2. On a brighter note...It's Martin Luther King's Birthday - a government sanctioned holiday in the US.
King accomplished three world changing things: 1) he empowered African Americans in the US to face their fears and stand up to their abusers and the bullies - in a non-violent manner, even though those bullies continued to beat, kill, and abuse them 2) He woke up many complacent white Americans of various classes and regions to what was happening and why it was horrific...to the point that many took action and fought to change the system. They became aware, and no longer oblivious to the horrors happening in their own neighborhoods. And their behavior began to change. 3) He found a way to resist and change the world with non-violent protests and non-violent social justice, paving the way for a more peaceful world.

All three of those points are important. If he hadn't accomplished all three, the world would not have changed. It's why we celebrate his birthday and why he received the noble peace prize. King's battle was not just against racism but against hate and violence.

3. Saw Sherlock and Dowton Abbey last night. Sherlock was far more entertaining and better written. And despite what I state below, I adored it. Quite loved it in fact. I seem to fall in love with Sherlock despite myself. I also don't see him as a sociopath - sociopath's don't tend to care about others or feel remorse, Sherlock seems to feel both.

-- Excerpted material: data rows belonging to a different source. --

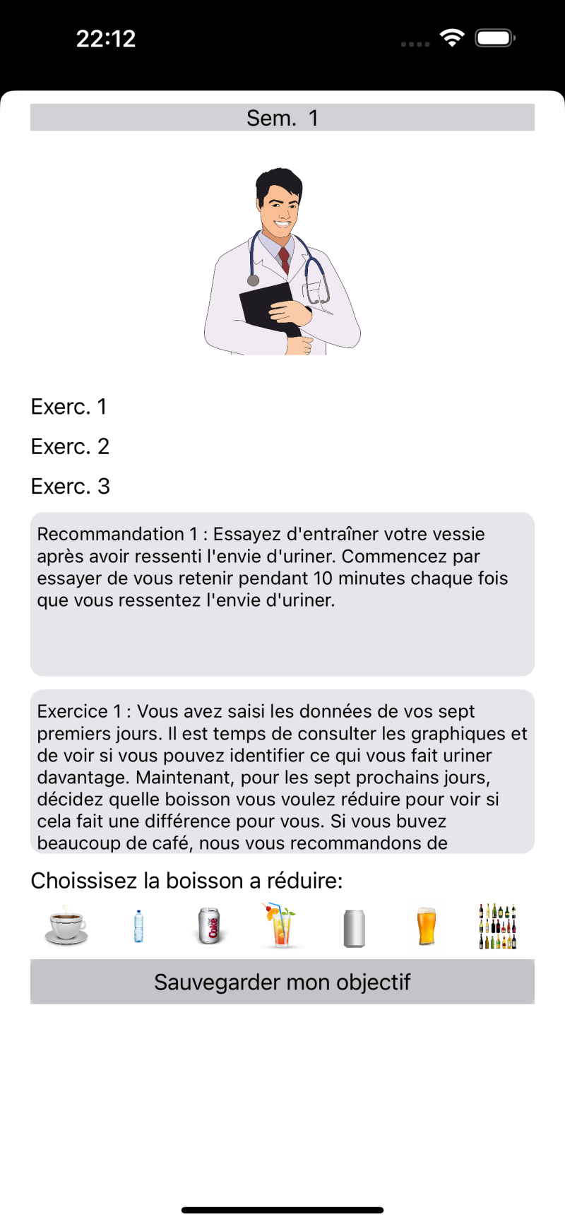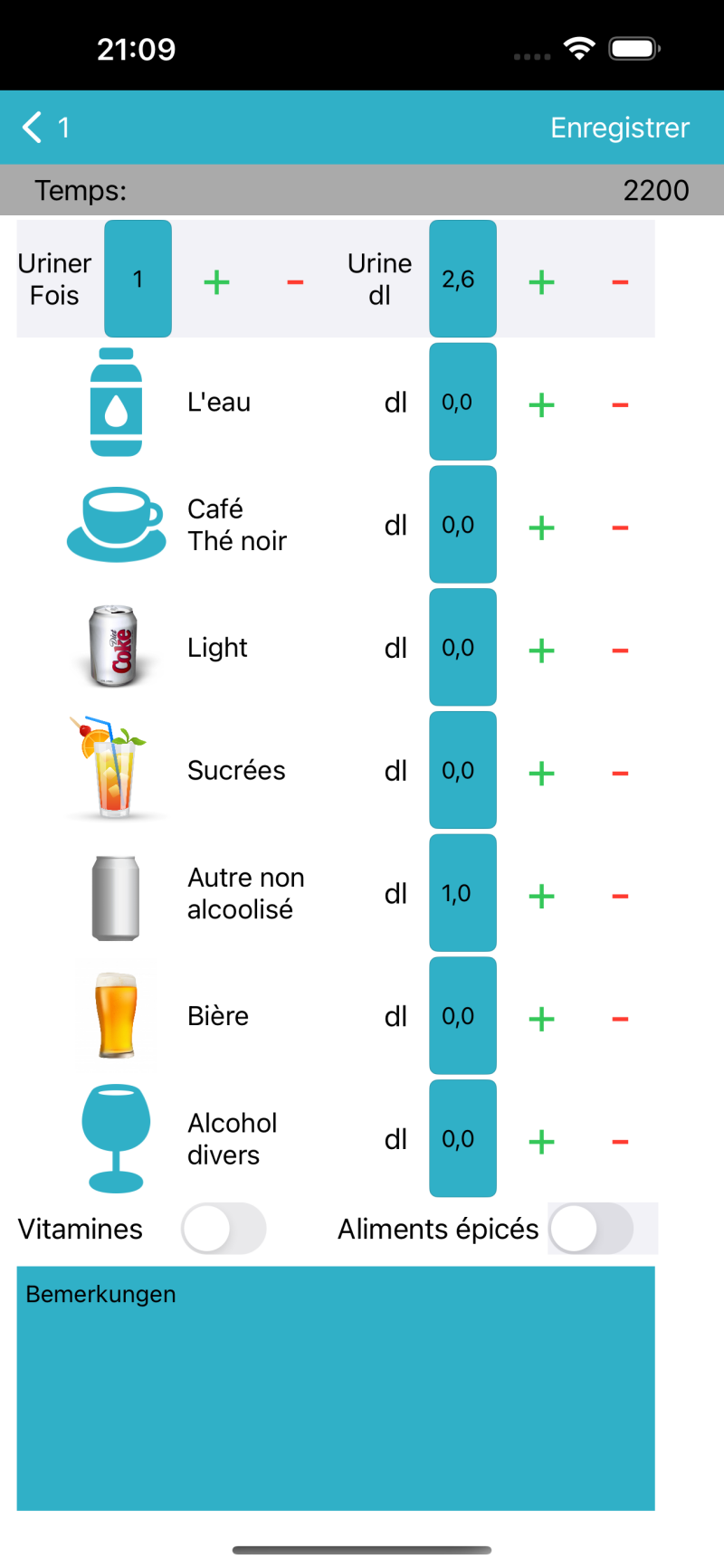 Grâce à cette application, vous pouvez noter la quantité de boissons que vous buvez et la fréquence de vos mictions, ce qui aidera le médecin à trouver la cause de l’incontinence.
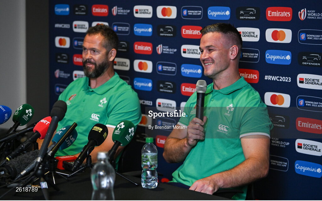 7 September 2023; Captain Jonathan Sexton, right, and cead coach Andy Farrell during an Ireland rugby media conference at the Mercure Hotel in Bordeaux, France. Photo by Brendan Moran/Sportsfile
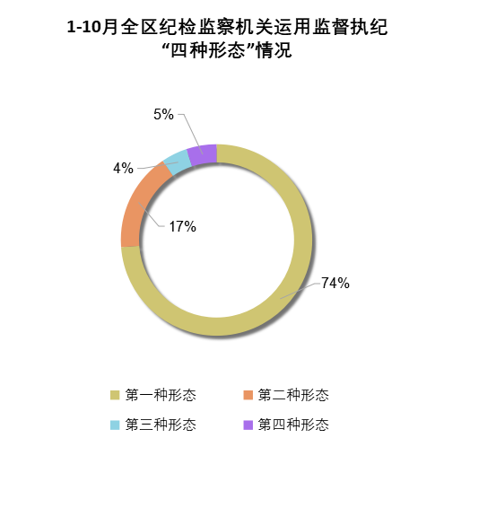 1-10月,全区纪检监察机关运用监督执纪“四种形态”处理275人次。其中,第一种形态203人次,占“四种形态”处理总人次的73.8%;第二种形态46人次,占16.7%;第三种形态12人次,占4.4%;第四种形态14人次,占5.1%。
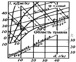 На оси абцисс отложены значения d, г/кг. На диаграмму нанося линии d=const, идущие вертикально, i=const (под углом 135° к оси ординат), φ=const, tc=cons , tм=const.

It was quite good, even if it suffered from Moffat/Gatniss' convoluted plotting and meta-references. I'm discovering that I'm not a huge fan of meta-narrative or
breaking the fourth wall - it comes across as bit, self-promotional and self-referential or too wink-wink. This seems to be a direct result of the writer spending far too much time on the internet's social media interacting with their fandoms. As a result, we get a lot of geeky winking - which I'm finding increasingly distracting.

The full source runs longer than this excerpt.